ASSIGNED TASK | Find, in the records below, the line that contains "Pistola para pintar" and the line that contains "將雞蛋清洗好先放在一邊備用,然後在燒水壺". Copy those two lines and everything between them exactly, but not the pictures.

━━━━━ SOURCE RECORDS

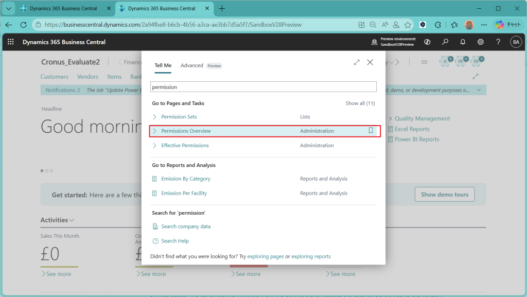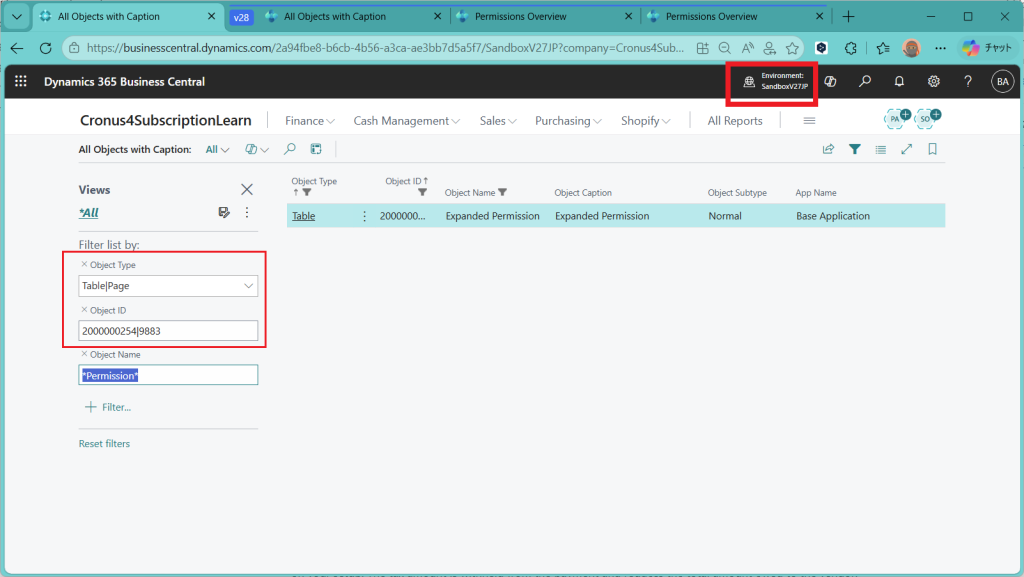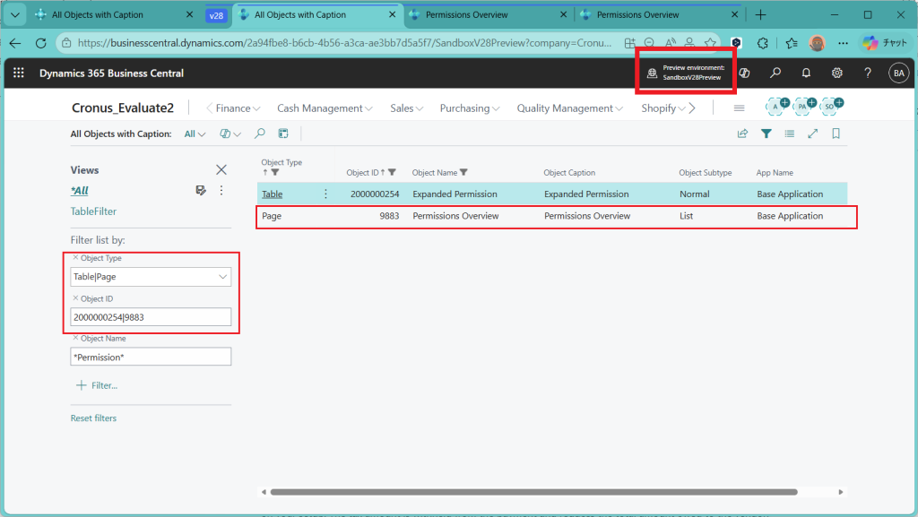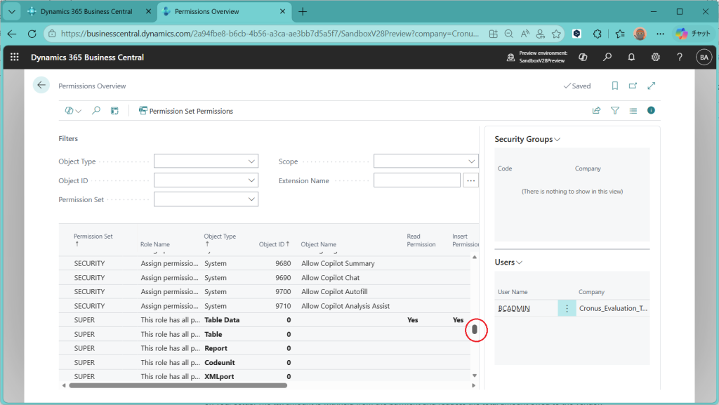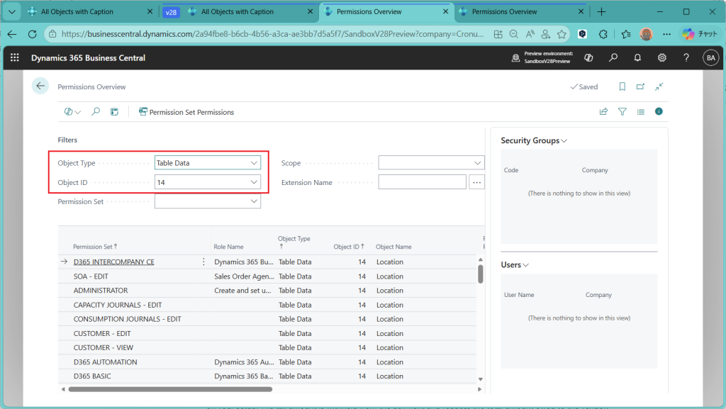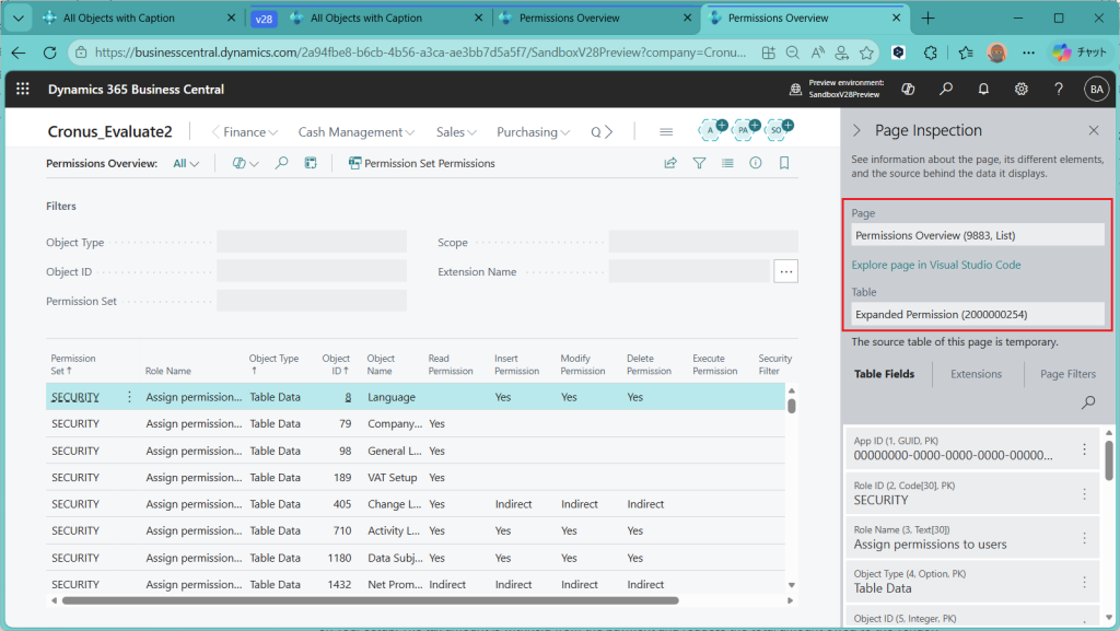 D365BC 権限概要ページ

━━━━━━━━━━
━━━━━ SOURCE RECORDS

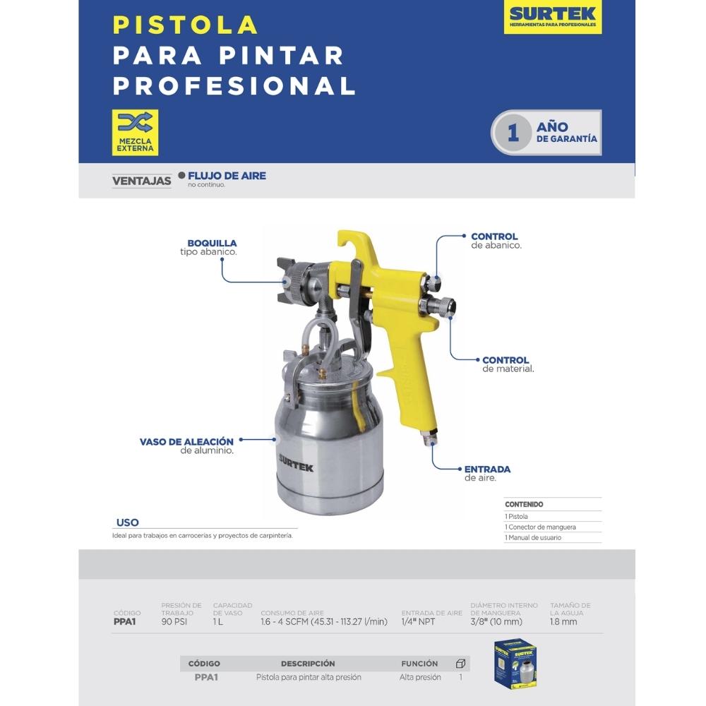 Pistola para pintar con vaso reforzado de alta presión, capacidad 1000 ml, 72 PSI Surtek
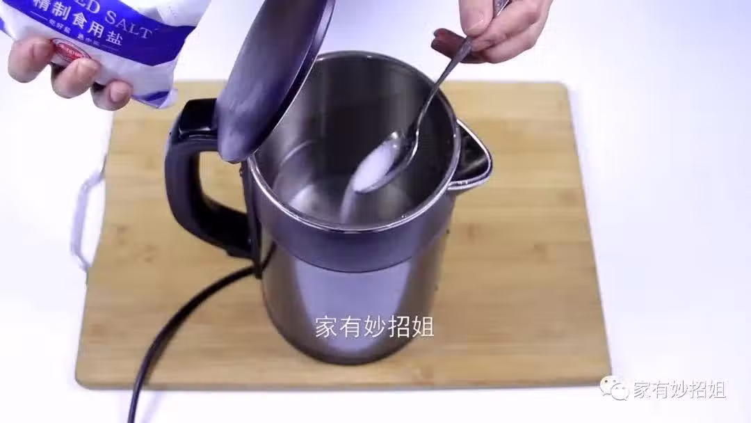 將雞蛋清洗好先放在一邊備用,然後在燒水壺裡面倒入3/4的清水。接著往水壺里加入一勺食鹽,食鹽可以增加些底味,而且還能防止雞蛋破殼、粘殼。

━━━━━━━━━━

SOLUTION FOR THIS PROBLEM |
 Pistola para pintar con vaso reforzado de alta presión, capacidad 1000 ml, 72 PSI Surtek
 將雞蛋清洗好先放在一邊備用,然後在燒水壺裡面倒入3/4的清水。接著往水壺里加入一勺食鹽,食鹽可以增加些底味,而且還能防止雞蛋破殼、粘殼。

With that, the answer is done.